### Task item
Transcribe the records below in their entirety, and leave out each image.

### Dataset extract
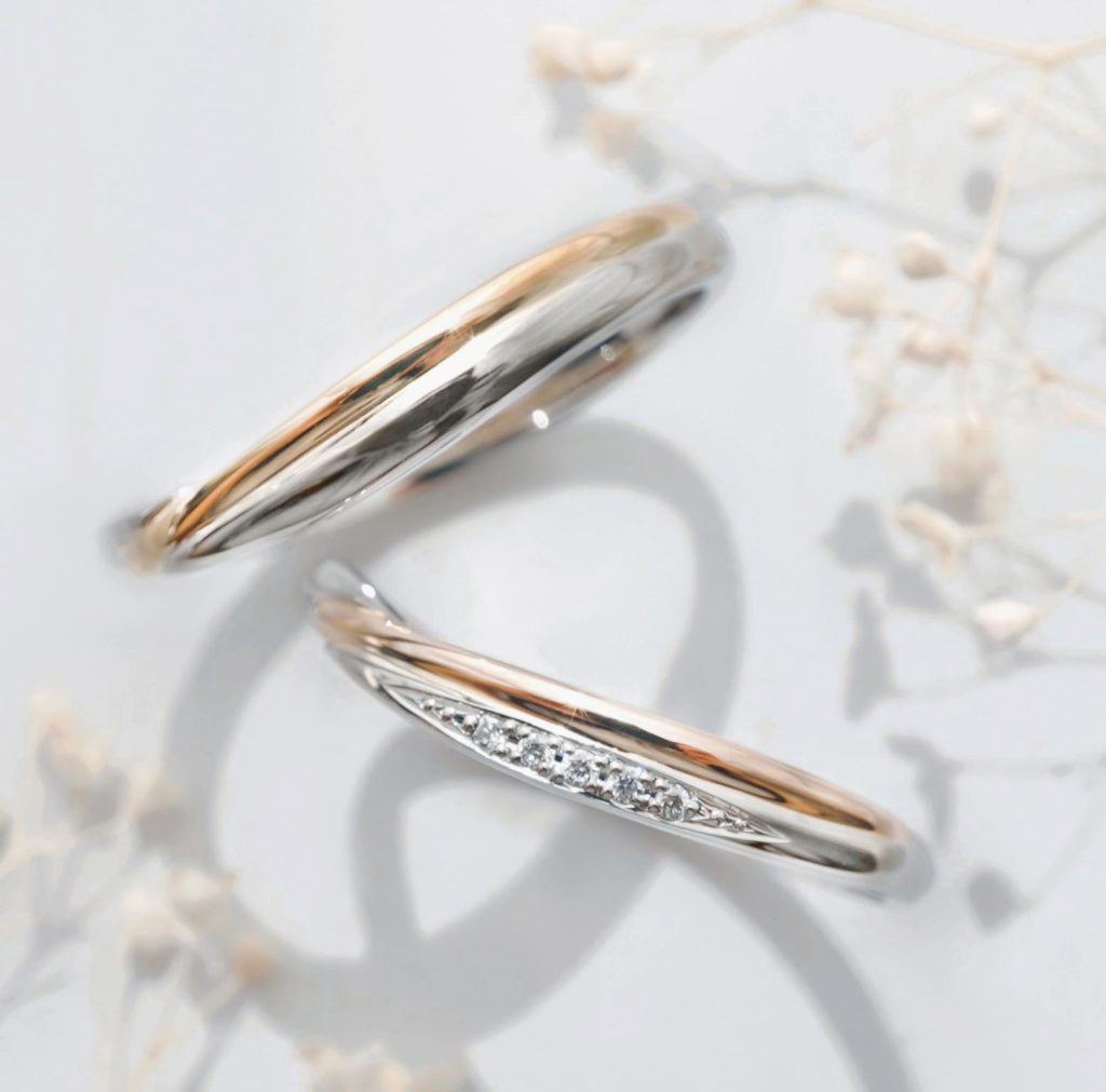 異素材を組み合わせたウェーブデザインの結婚指輪をオーダーいただきましたのでご紹介いたします。
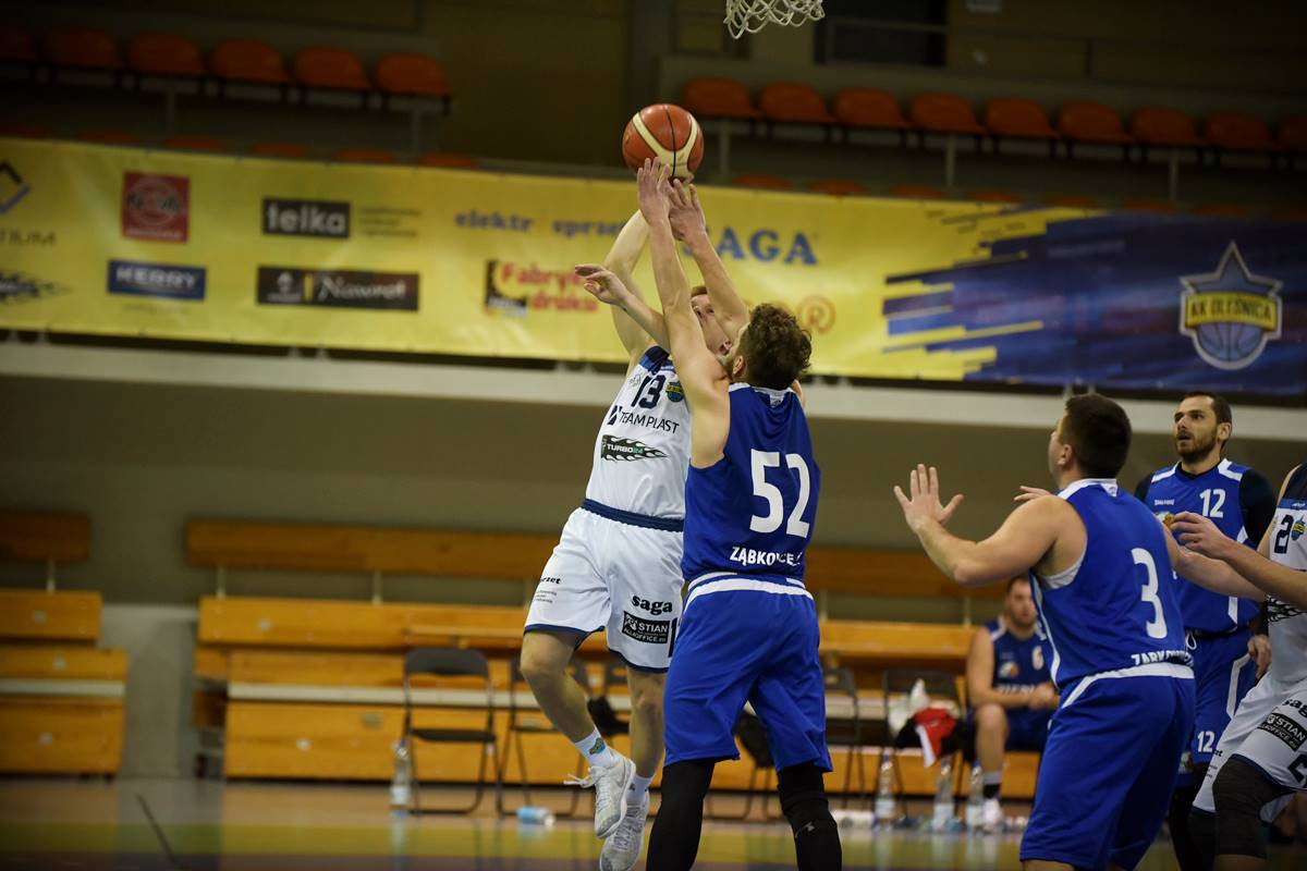 To było bardzo wyrównane spotkanie. Pierwszą kwartę oleśniczanie przegrali nieznacznie 21:22. W drugiej przyspieszyli nieco tempo i na przerwę schodzili prowadząc 45:42. W drugiej części obraz gry się nie zmienił. Po trzech kwartach Team-Plast Koszykarski Klub Oleśnica prowadził, ale różnicą zaledwie jednego punktu 60:59. Jeszcze na kilkanaście sekund przed końcem regulaminowego czasu gry ekipa Marcina Stacha prowadziła różnicą trzech oczek, po dwóch celnych rzutach osobistych. W samej końcówce piłkę przejęli jednak rywale i równo z końcową syreną oddali celny rzut za trzy punkty, którym doprowadzili do dogrywki. W doliczonym czasie gospodarzom grało się łatwiej, bo rywale musieli sobie radzić w osłabieniu. Ostatecznie zespół Piotra Gliniaka stanął na wysokości zadania wygrywając 94:84.
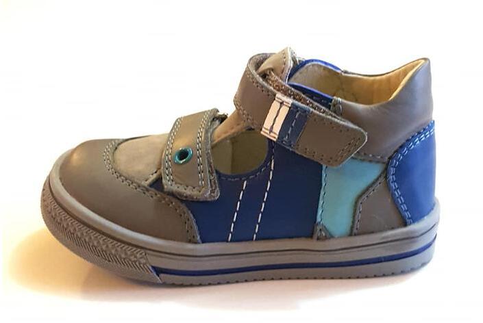 LINEA félig nyitott szandálcipő kisfiúknak szürke színben, oldalán türkizkék csillag mintával,     Cipő jellemzői:
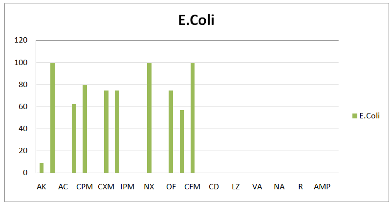 Escherichia coli was resistant to Cefixime (100%), Nalidixic acid (100%), Ceftazidime (100%), Cefipime (80%), Cefuroxime (75%), Cefazolin (75%) and Ofloxacin (75%). This was also identical to Li-Yang Hsu et al [20], Mangaiarkkarasi. A et al [24] and Oteo J et al [25].
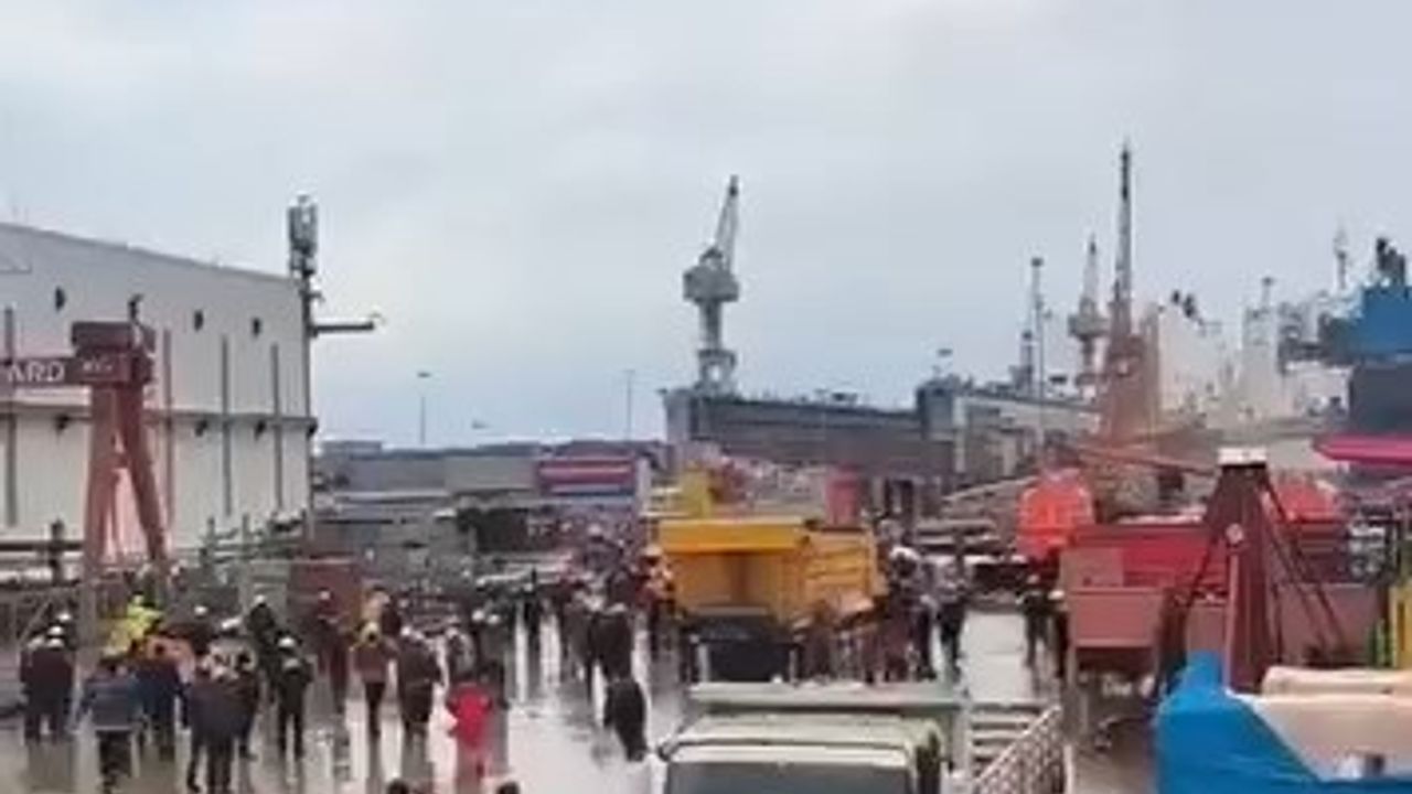 Ayşe GÜREL / İSTANBUL, (DHA)- Tuzla'da tersaneler bölgesinde vinç devrildi. İhbar üzerine olay yerine çok sayıda ekip sevk edildi. Ekiplerin çalışması sürüyor. (DHA)
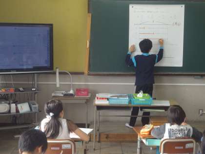 数直線を「何等分」としっかりよんで,分母を確かめました。
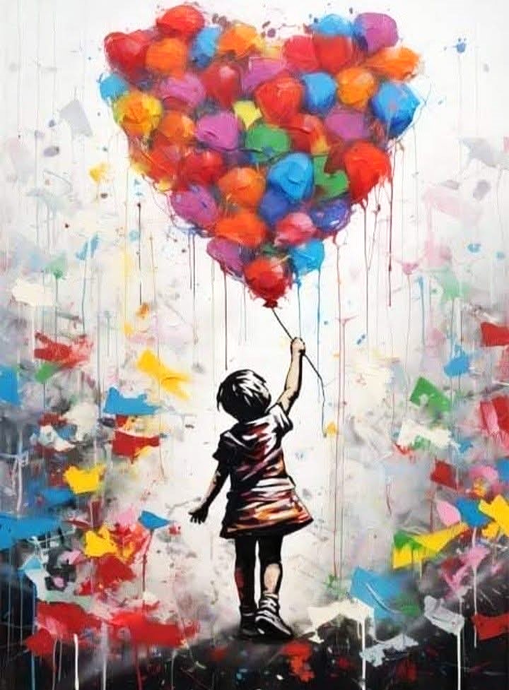 Dans bon nombre de détournements, la petite fille est représentée seule. Les artistes jouent sur la taille du ballon qui devient un énorme cœur ; le ballon est remplacé par un bouquet de fleurs ( une synthèse amusante qui détourne deux œuvres de Banksy en les réunissant) ; le ballon est multiplié de sorte qu’il devient un aérostat qui emporte la petite fille vers le ciel ; le ballon dont la petite fille voulait se saisir a été attrapé et il est tenu par une ficelle ; le ballon est aux couleurs de la Palestine et revendique la fin du conflit ; la petite fille sans son ballon est devenu un personnage, elle illustre des revendications écologiques.
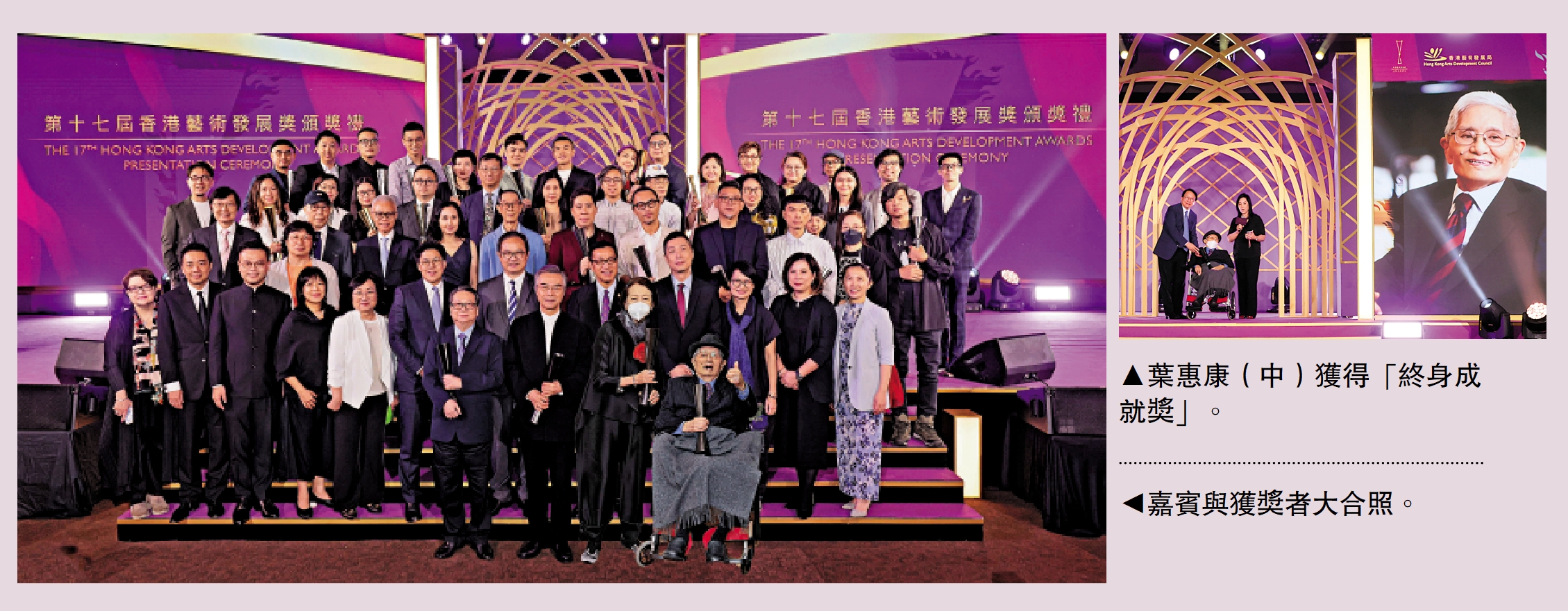 【大公報訊】由香港藝術發展局(藝發局)主辦的「第十七屆香港藝術發展獎」頒獎禮,於昨日(17日)在九龍灣國際展貿中心舉行,頒出6個獎項類別、共27個獎項予本地藝術工作者、團體、學校及機構,以表揚他們在藝術方面的成就,以及在推動香港藝術發展方面的貢獻。其中最高榮譽大獎「終身成就獎」由被譽為「香港兒童合唱團之父」的葉惠康獲得。

### Task result
 異素材を組み合わせたウェーブデザインの結婚指輪をオーダーいただきましたのでご紹介いたします。
 To było bardzo wyrównane spotkanie. Pierwszą kwartę oleśniczanie przegrali nieznacznie 21:22. W drugiej przyspieszyli nieco tempo i na przerwę schodzili prowadząc 45:42. W drugiej części obraz gry się nie zmienił. Po trzech kwartach Team-Plast Koszykarski Klub Oleśnica prowadził, ale różnicą zaledwie jednego punktu 60:59. Jeszcze na kilkanaście sekund przed końcem regulaminowego czasu gry ekipa Marcina Stacha prowadziła różnicą trzech oczek, po dwóch celnych rzutach osobistych. W samej końcówce piłkę przejęli jednak rywale i równo z końcową syreną oddali celny rzut za trzy punkty, którym doprowadzili do dogrywki. W doliczonym czasie gospodarzom grało się łatwiej, bo rywale musieli sobie radzić w osłabieniu. Ostatecznie zespół Piotra Gliniaka stanął na wysokości zadania wygrywając 94:84.
 LINEA félig nyitott szandálcipő kisfiúknak szürke színben, oldalán türkizkék csillag mintával,     Cipő jellemzői:
 Escherichia coli was resistant to Cefixime (100%), Nalidixic acid (100%), Ceftazidime (100%), Cefipime (80%), Cefuroxime (75%), Cefazolin (75%) and Ofloxacin (75%). This was also identical to Li-Yang Hsu et al [20], Mangaiarkkarasi. A et al [24] and Oteo J et al [25].
 Ayşe GÜREL / İSTANBUL, (DHA)- Tuzla'da tersaneler bölgesinde vinç devrildi. İhbar üzerine olay yerine çok sayıda ekip sevk edildi. Ekiplerin çalışması sürüyor. (DHA)
 数直線を「何等分」としっかりよんで,分母を確かめました。
 Dans bon nombre de détournements, la petite fille est représentée seule. Les artistes jouent sur la taille du ballon qui devient un énorme cœur ; le ballon est remplacé par un bouquet de fleurs ( une synthèse amusante qui détourne deux œuvres de Banksy en les réunissant) ; le ballon est multiplié de sorte qu’il devient un aérostat qui emporte la petite fille vers le ciel ; le ballon dont la petite fille voulait se saisir a été attrapé et il est tenu par une ficelle ; le ballon est aux couleurs de la Palestine et revendique la fin du conflit ; la petite fille sans son ballon est devenu un personnage, elle illustre des revendications écologiques.
 【大公報訊】由香港藝術發展局(藝發局)主辦的「第十七屆香港藝術發展獎」頒獎禮,於昨日(17日)在九龍灣國際展貿中心舉行,頒出6個獎項類別、共27個獎項予本地藝術工作者、團體、學校及機構,以表揚他們在藝術方面的成就,以及在推動香港藝術發展方面的貢獻。其中最高榮譽大獎「終身成就獎」由被譽為「香港兒童合唱團之父」的葉惠康獲得。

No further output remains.